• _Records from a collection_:
+---+

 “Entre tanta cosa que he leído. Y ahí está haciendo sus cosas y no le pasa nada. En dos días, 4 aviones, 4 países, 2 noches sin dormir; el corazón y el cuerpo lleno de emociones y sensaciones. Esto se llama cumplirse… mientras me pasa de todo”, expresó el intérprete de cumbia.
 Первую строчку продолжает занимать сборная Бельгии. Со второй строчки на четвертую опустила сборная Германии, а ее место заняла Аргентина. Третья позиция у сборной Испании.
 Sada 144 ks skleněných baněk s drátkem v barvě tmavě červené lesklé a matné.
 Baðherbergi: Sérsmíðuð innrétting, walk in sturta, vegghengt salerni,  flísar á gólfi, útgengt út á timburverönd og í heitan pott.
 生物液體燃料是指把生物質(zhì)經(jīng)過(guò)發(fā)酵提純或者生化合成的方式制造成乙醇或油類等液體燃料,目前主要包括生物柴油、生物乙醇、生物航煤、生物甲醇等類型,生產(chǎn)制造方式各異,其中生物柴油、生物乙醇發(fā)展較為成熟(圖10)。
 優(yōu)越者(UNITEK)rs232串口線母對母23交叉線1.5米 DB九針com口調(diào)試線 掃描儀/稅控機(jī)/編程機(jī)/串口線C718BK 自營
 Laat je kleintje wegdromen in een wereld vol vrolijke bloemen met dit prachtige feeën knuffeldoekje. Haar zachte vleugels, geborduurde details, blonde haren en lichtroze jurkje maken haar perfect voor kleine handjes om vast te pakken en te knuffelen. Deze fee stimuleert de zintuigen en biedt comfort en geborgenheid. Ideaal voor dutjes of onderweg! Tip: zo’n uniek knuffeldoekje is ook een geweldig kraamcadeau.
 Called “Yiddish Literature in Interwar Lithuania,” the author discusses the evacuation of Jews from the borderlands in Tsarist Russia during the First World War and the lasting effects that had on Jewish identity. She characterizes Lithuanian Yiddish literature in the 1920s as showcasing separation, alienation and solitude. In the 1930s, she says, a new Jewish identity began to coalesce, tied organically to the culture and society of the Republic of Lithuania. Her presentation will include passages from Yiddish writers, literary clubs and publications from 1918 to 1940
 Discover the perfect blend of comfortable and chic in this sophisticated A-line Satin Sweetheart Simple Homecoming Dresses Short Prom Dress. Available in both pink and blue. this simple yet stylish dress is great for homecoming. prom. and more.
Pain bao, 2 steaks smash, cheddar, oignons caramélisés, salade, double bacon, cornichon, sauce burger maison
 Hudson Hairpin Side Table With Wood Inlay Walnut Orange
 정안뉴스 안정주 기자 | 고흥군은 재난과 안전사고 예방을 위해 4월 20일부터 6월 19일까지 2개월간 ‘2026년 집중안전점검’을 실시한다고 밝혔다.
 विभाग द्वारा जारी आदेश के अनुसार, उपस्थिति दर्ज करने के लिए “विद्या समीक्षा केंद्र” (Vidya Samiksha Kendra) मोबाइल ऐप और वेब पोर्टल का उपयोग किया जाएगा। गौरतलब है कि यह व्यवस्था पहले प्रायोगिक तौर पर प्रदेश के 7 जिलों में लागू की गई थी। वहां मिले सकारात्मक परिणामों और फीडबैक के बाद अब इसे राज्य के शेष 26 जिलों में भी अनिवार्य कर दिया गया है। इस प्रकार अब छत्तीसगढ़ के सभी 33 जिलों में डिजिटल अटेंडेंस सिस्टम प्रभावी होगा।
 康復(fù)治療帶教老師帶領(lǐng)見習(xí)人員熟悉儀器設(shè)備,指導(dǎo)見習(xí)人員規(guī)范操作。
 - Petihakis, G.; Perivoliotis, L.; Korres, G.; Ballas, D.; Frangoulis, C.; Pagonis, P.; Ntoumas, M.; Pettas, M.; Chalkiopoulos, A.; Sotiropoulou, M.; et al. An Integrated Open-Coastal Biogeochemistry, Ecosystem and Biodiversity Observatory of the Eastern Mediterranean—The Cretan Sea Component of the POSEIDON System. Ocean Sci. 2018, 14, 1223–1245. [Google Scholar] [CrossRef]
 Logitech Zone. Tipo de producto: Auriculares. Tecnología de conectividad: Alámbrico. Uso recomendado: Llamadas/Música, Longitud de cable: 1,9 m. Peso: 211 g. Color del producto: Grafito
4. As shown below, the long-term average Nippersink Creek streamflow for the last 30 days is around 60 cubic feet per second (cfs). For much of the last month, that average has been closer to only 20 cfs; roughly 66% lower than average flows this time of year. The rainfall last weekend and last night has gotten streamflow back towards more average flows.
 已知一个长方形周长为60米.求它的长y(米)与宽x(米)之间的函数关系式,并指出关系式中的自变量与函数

+---+

• _TASK ITEM_: From the records above, copy out the line with "1918 to 1940", the line with "정안뉴스 안정주 기자", and every line between them, word for word.

• _SOLUTION FOR THIS EXERCISE_:
 Called “Yiddish Literature in Interwar Lithuania,” the author discusses the evacuation of Jews from the borderlands in Tsarist Russia during the First World War and the lasting effects that had on Jewish identity. She characterizes Lithuanian Yiddish literature in the 1920s as showcasing separation, alienation and solitude. In the 1930s, she says, a new Jewish identity began to coalesce, tied organically to the culture and society of the Republic of Lithuania. Her presentation will include passages from Yiddish writers, literary clubs and publications from 1918 to 1940
 Discover the perfect blend of comfortable and chic in this sophisticated A-line Satin Sweetheart Simple Homecoming Dresses Short Prom Dress. Available in both pink and blue. this simple yet stylish dress is great for homecoming. prom. and more.
Pain bao, 2 steaks smash, cheddar, oignons caramélisés, salade, double bacon, cornichon, sauce burger maison
 Hudson Hairpin Side Table With Wood Inlay Walnut Orange
 정안뉴스 안정주 기자 | 고흥군은 재난과 안전사고 예방을 위해 4월 20일부터 6월 19일까지 2개월간 ‘2026년 집중안전점검’을 실시한다고 밝혔다.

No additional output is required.